(Stored records)
----------------------------------------
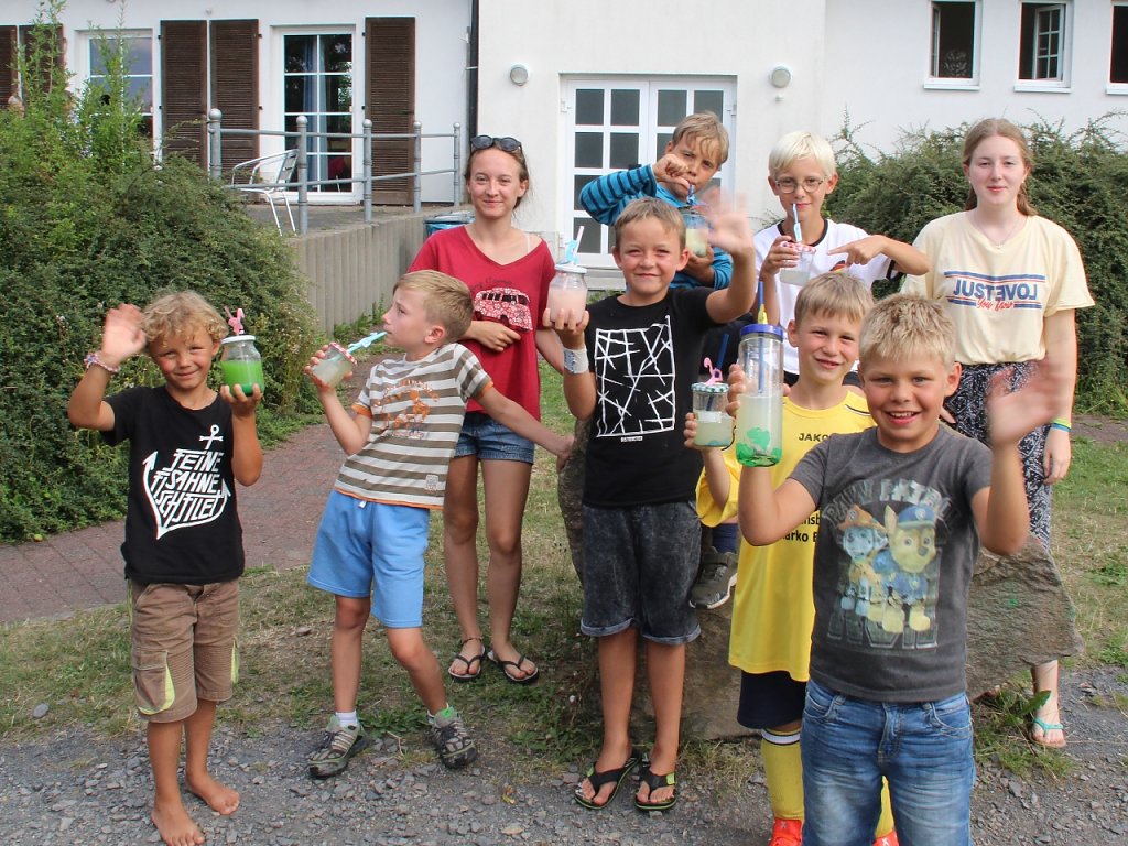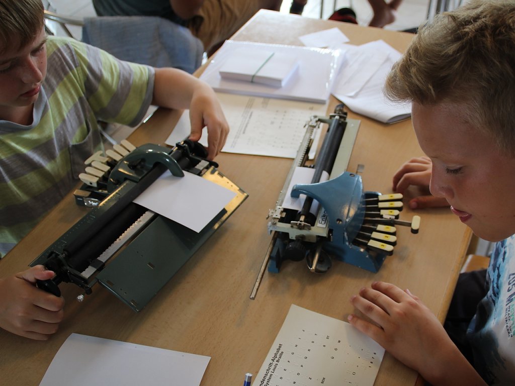 Beim Knacken und Bearbeiten leckerer Kokosnüsse konnten die Beknackten endlich nachvollziehen, wie sie zu ihrem Gruppennamen gekommen sind. Am Ende freuten sie sich über zwei individuelle handliche Schalen. Der Sonne ein Schnippchen schlagen konnten die Strohbasten, sie flochten äußerst kleidsame Strohhüte. Weil bei großer Hitze für ausreichend Trinken gesorgt werden muss, war das Handwerk der Fruchtzw*rg* sehr interessant. Aus gesunden Früchten wurden leckere Cocktails gemixt und in selbst gestalteten Cocktailgläsern gemeinsam on the rocks genossen. Keineswegs aussichtslos waren die Aussichtslosen. Sie richteten ihren Blick auf die Fragen: Wie können Blinde lesen? Wie können sie Briefe schreiben? Und kann ich das auch? Sogar einen eigenen Brief auf einer Braille- Schreibmaschine konnte zu Papier gebracht werden.
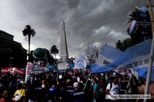 Nacionales | Bs. As. (13-12-14): A pesar de la tormenta, después de soportar las primeras lluvias de la tarde y resguardarse en los laterales, los manifestantes vuelven a disfrutar de la jornada que será cerrada cerca ...
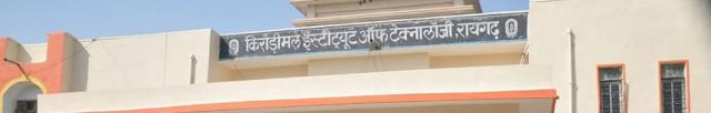 Kirodimal Institute of Technology, Raigarh has courses such as B.Tech which are primarily in the stream of Engineering. Kirodimal Institute of Technology, Raigarh has specializations such as B.Tech specializations in Civil Engineering, Computer Science Engineering, Electrical Engineering, Electronic
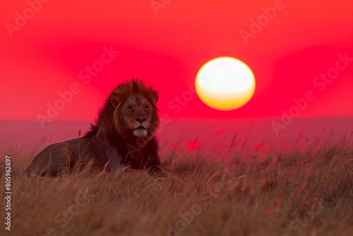 Fototapeta premium A lion is resting on a on dry grass in savannah at red sunset
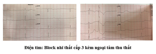 Chẩn đoán: Block nhĩ thất cấp 3/Tăng huyết áp nguy cơ cao/Hẹp vừa van động mạch chủ, hở vừa van 2 lá
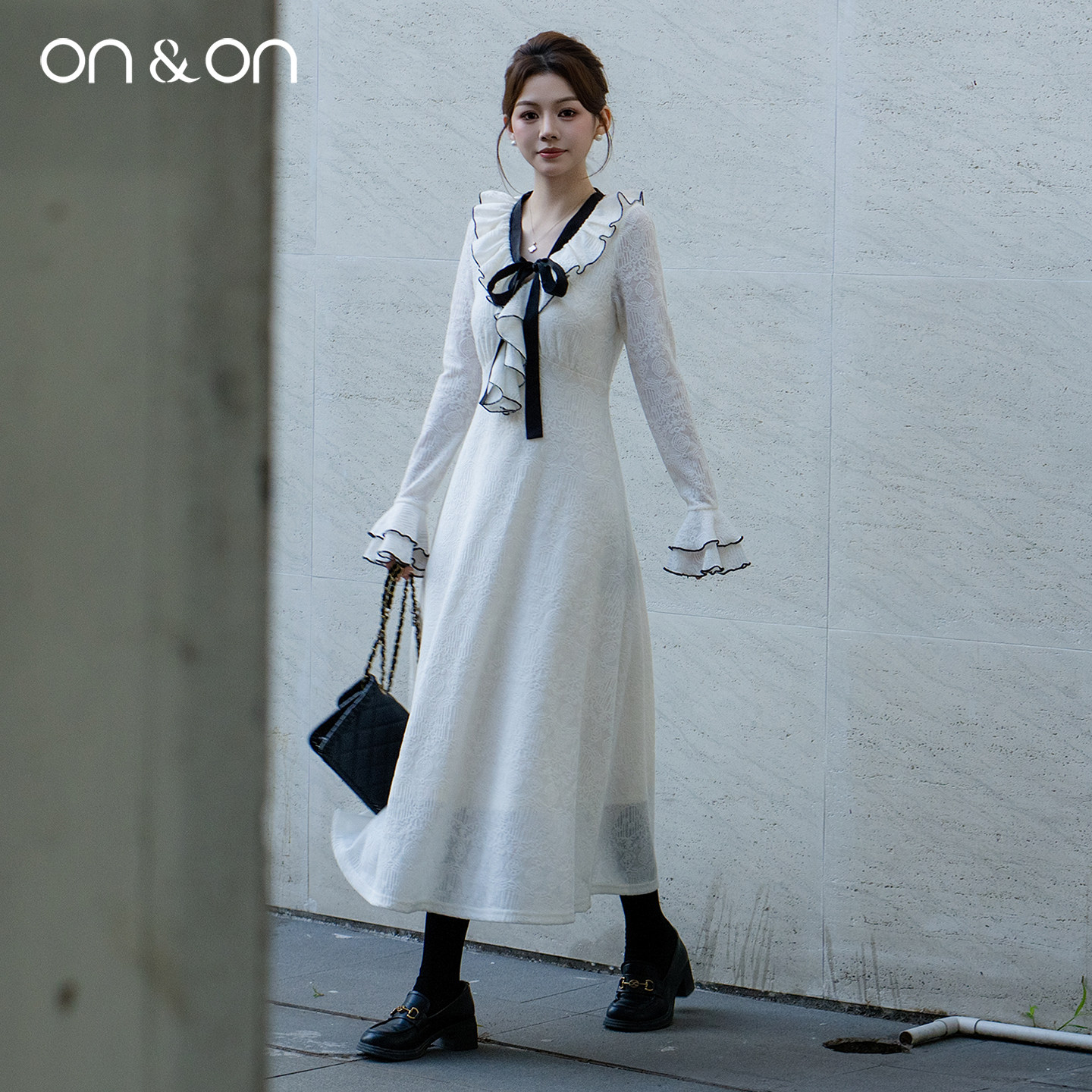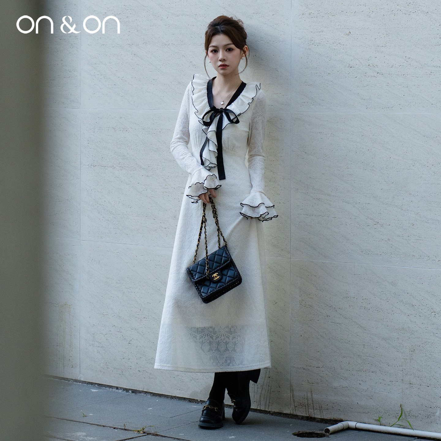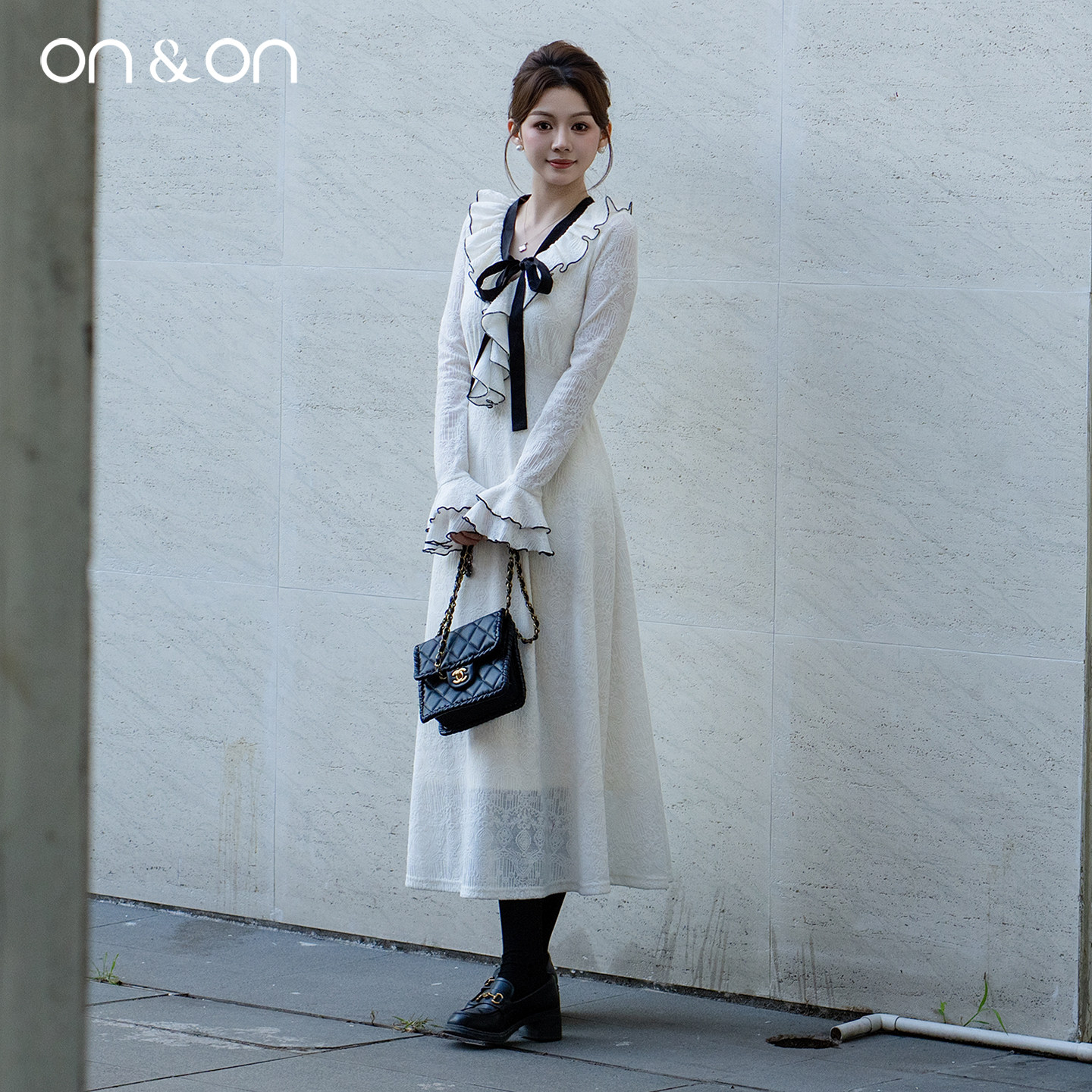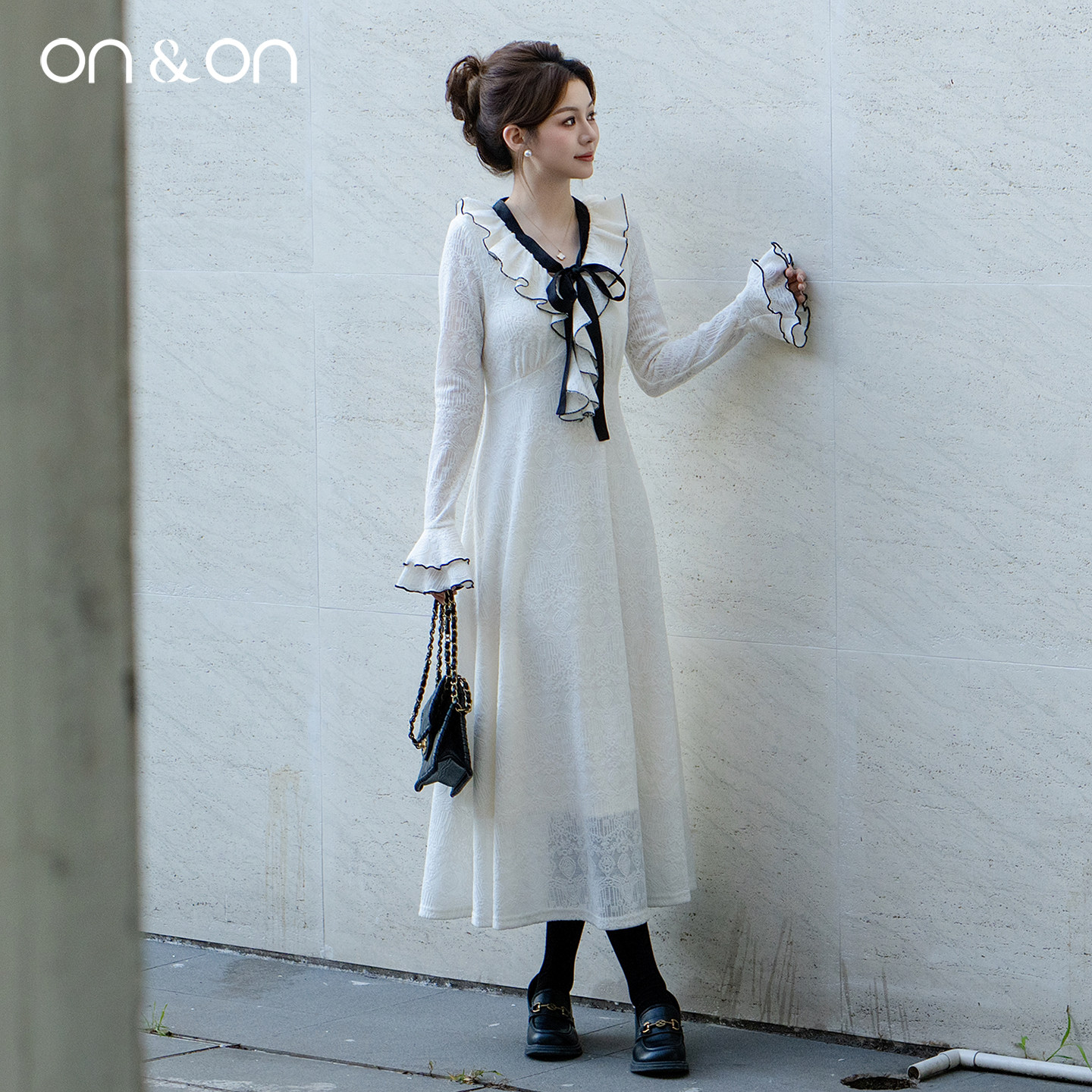 ON&ON/安乃安2025冬季新款韩系荷叶边领系带蝴蝶结针织加绒长裙
----------------------------------------
Task goal: Across all the lines above, repeat the wording exactly and omit the pictures.

Solution to this exercise:
 Beim Knacken und Bearbeiten leckerer Kokosnüsse konnten die Beknackten endlich nachvollziehen, wie sie zu ihrem Gruppennamen gekommen sind. Am Ende freuten sie sich über zwei individuelle handliche Schalen. Der Sonne ein Schnippchen schlagen konnten die Strohbasten, sie flochten äußerst kleidsame Strohhüte. Weil bei großer Hitze für ausreichend Trinken gesorgt werden muss, war das Handwerk der Fruchtzw*rg* sehr interessant. Aus gesunden Früchten wurden leckere Cocktails gemixt und in selbst gestalteten Cocktailgläsern gemeinsam on the rocks genossen. Keineswegs aussichtslos waren die Aussichtslosen. Sie richteten ihren Blick auf die Fragen: Wie können Blinde lesen? Wie können sie Briefe schreiben? Und kann ich das auch? Sogar einen eigenen Brief auf einer Braille- Schreibmaschine konnte zu Papier gebracht werden.
 Nacionales | Bs. As. (13-12-14): A pesar de la tormenta, después de soportar las primeras lluvias de la tarde y resguardarse en los laterales, los manifestantes vuelven a disfrutar de la jornada que será cerrada cerca ...
 Kirodimal Institute of Technology, Raigarh has courses such as B.Tech which are primarily in the stream of Engineering. Kirodimal Institute of Technology, Raigarh has specializations such as B.Tech specializations in Civil Engineering, Computer Science Engineering, Electrical Engineering, Electronic
 Fototapeta premium A lion is resting on a on dry grass in savannah at red sunset
 Chẩn đoán: Block nhĩ thất cấp 3/Tăng huyết áp nguy cơ cao/Hẹp vừa van động mạch chủ, hở vừa van 2 lá
 ON&ON/安乃安2025冬季新款韩系荷叶边领系带蝴蝶结针织加绒长裙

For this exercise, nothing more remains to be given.